9.4. Effect of Pharmacological or Genetic TLR4 Ablation on Algesia, Reinforcement, Tolerance, and Dependence

Hyperalgesia can be triggered by the continuous infusion, for several days, of morphine or oxymorphone to the opioid receptor of triple knockout mice; this suggests the involvement of an opioid receptor-independent mechanism [125]. Several genetic manipulation studies point to the involvement of TLR4 in mediating the effects of opioids. The dose–response curve for acute morphine analgesia (1–50 mg/kg) demonstrated a significantly higher analgesic effect for morphine in TLR4 knockout and MyD88 knockout Balb/c mice when compared with their wild-type control [39,69]. Co-administration of (+)-naloxone (60 mg/kg) significantly increased the analgesic effect of morphine (2.5 mg/kg) in wild-type mice, while having no influence in TLR4 knockout mice [39]. A study tested the effects of two small-molecule inhibitor compounds that reportedly targeted TLR4 and its accessory protein MD-2, causing disruption of the TLR4/MD-2 complex [69]. Both compounds potentiated the acute analgesic effects of morphine in rats; whereas, in Balb/c mice, the potentiating effect was only attained in the wild-type strain and not in the TLR4 knockout strain. The acute analgesic effect of oxycodone was also stronger in the absence of TLR4, where significantly longer hot plate latencies were recorded over a range of oxycodone doses (0.01–5 mg/kg, I.P.) in Balb/c TLR4−/− mice vs. wild-type mice [75]. Conversely, in a subsequent study by the same group, acute morphine analgesia produced by a single dose of morphine (7.5 mg/kg) in the same mouse strains was found to be similar in wild-type, TLR4 knockout, and MyD88 knockout mice [126]. It is worth mentioning that several factors may contribute to these inconsistent responses, including the behavioural test and assay protocol used, as well as the mouse strains employed. The opioid dose and its magnitude of response could also have an impact, where the differences between analgesic effects may be masked at doses approaching minimum or maximal analgesia.
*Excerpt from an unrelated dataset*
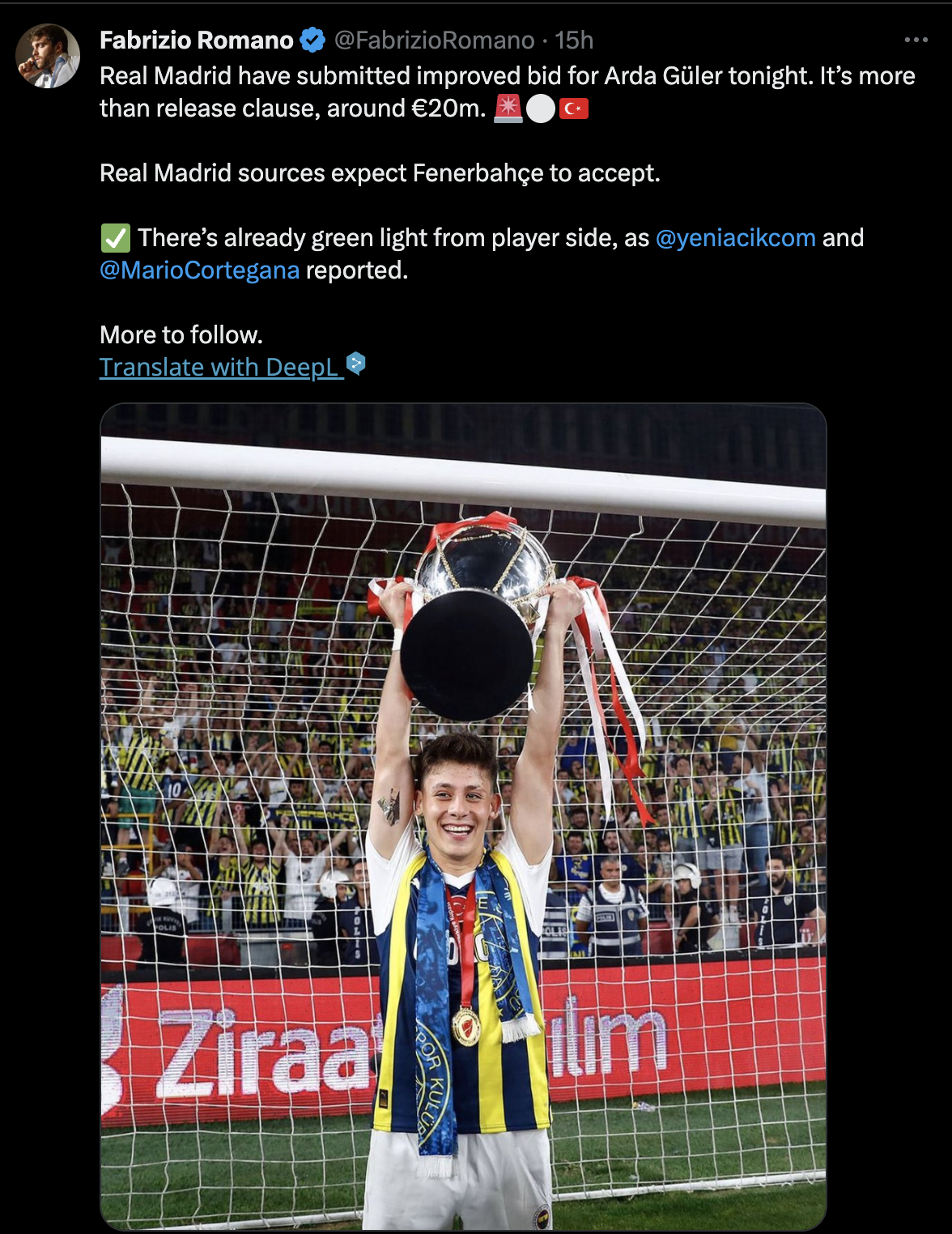 아르다 귈러는 김민재가 뛰었던 페네르바체 소속으로

The detrimental effects of opioids were also shown to diminish in TLR4 mutant and knockout mice. Repetitive injections of escalating doses of morphine to wild-type Balb/c and MyD88 knockout mice over 3 successive days resulted in significant loss of analgesia and the development of tolerance. However, analgesic tolerance was not observed in TLR4 knockout mice, implying the involvement of a MyD88-independent TLR4-mediated mechanism [126]. Intraperitoneal M3G (25 mg/kg) induced tactile hyperalgesia only in wild-type (C57BL/6) mice; whereas, hyperalgesia was significantly abolished in TLR4 mutant mice (C57BL/10ScNJ) [127]. Thermal hyperalgesia and mechanical allodynia, resulting from repeated intraperitoneal administration of codeine (21 mg/kg) or morphine (20 mg/kg) to wild-type Balb/c mice, were not observed in TLR4 null mice [128]. TLR4 ablation also protected against mechanical hyperalgesia that was induced by subcutaneous infusion of remifentanil (4 mg/kg/min, 1 h, for 3 days) [100]. The behavioural reinforcing actions of oxycodone, assessed by conditioned place preference tests, were significantly reduced in TLR4 knockout and MyD88 knockout Balb/c mice compared with the wild-type control [75], suggesting the involvement of TLR4 signalling in opioid reinforcement and reward effects.
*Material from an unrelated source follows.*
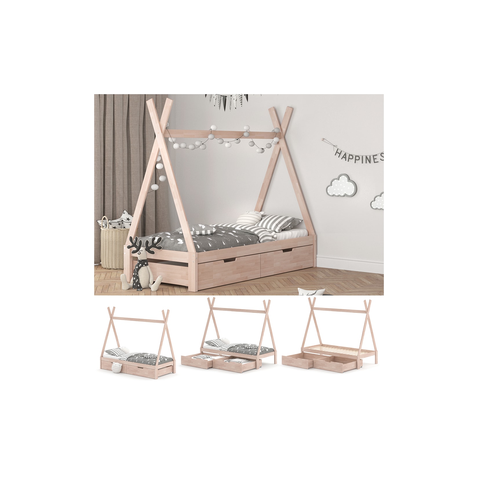 Das charakteristische Tipi-Design des Bettes regt die Fantasie Ihres Kindes an und lädt zu kreativen Rollenspielen ein. Ob als geheimes Versteck, als gemütliche Leseecke oder als Basis für spannende Abenteuer – das Tipi-Hausbett bietet unzählige Möglichkeiten, die kindliche Vorstellungskraft zu beflügeln. Die offene Bauweise sorgt dabei für ausreichend Licht und Luftzirkulation, während das robuste Gestell aus massivem Holz für Stabilität und Sicherheit sorgt.

Interestingly, studies have also presented evidence that supports the absence of a role for TLR4 signalling in some deleterious opioid actions. No difference was found between the extent of tactile hyperalgesia induced by morphine in TLR4 mutant mice (C3H/HeJ) and that observed in their wild-type controls (C3H/HeOuJ) [129]. Chronic morphine administration (60 mg/kg, once daily for 5 days) was also reported to induce analgesic tolerance to the same extent in TLR4 mutant mice (C3H/HeJ) when compared to the wild-type (C3H/HeN), as well as in TLR4 knockout C57BL/6 mice compared to wild-type. Moreover, the mRNA expression of the microglial activation marker CD11b was significantly increased after chronic morphine administration in knockout and wild-type mice, suggesting that TLR4 is not involved in opioid–microglial activation [130]. In another study, two mouse strains were employed to test opioid effects: TLR4 mutant (C3H/HeJ) vs. wild-type (C3H/HeOuJ), and TLR4 null (B10ScNJ) vs. wild-type (B10ScSNJ). All morphine effects including antinociception, hyperalgesia, tolerance, and physical dependence were unchanged in TLR4 mutant and TLR4-null mice [131]. The discrepancies in the effect of TLR4 ablation on morphine pharmacodynamics have been proposed to be due to confounders in studies, e.g., higher morphine-induced analgesia in TLR4-knockout animals compared with the control strain, the effect of opioid binding to MD2 in absence of TLR4, and the concentration of opioids to which receptors are exposed in vivo [130,131].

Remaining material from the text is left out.